** How to complete this task **
Transcribe the listing below only from the line with "Direct file transfer" up to and including the line with "Important Tips: 1.".

** Given entries **
BEGIN
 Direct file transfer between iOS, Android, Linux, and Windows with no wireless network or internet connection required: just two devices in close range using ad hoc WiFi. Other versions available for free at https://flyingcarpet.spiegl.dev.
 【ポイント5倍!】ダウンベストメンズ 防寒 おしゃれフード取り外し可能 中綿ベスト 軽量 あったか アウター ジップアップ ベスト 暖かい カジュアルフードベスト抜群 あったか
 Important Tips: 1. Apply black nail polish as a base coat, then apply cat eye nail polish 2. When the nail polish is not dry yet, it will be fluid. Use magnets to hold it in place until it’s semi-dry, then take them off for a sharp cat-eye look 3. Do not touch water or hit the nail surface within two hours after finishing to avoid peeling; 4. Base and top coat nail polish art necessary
END
BEGIN
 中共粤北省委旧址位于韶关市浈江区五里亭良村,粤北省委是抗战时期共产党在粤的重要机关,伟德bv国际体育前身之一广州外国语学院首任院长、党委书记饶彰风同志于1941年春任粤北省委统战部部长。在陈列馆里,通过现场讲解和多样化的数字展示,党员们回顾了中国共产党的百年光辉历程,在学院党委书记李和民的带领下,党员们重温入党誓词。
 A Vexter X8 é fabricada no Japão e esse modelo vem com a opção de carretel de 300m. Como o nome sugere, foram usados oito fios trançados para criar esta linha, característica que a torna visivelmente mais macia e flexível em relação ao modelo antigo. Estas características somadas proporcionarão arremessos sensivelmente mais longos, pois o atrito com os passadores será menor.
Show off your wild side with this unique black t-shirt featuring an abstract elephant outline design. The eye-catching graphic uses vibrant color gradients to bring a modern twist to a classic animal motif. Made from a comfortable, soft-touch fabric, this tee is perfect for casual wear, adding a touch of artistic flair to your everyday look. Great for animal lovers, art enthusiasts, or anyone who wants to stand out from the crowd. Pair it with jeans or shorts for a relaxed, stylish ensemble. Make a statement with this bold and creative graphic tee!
END
** Task answer **
 Direct file transfer between iOS, Android, Linux, and Windows with no wireless network or internet connection required: just two devices in close range using ad hoc WiFi. Other versions available for free at https://flyingcarpet.spiegl.dev.
 【ポイント5倍!】ダウンベストメンズ 防寒 おしゃれフード取り外し可能 中綿ベスト 軽量 あったか アウター ジップアップ ベスト 暖かい カジュアルフードベスト抜群 あったか
 Important Tips: 1. Apply black nail polish as a base coat, then apply cat eye nail polish 2. When the nail polish is not dry yet, it will be fluid. Use magnets to hold it in place until it’s semi-dry, then take them off for a sharp cat-eye look 3. Do not touch water or hit the nail surface within two hours after finishing to avoid peeling; 4. Base and top coat nail polish art necessary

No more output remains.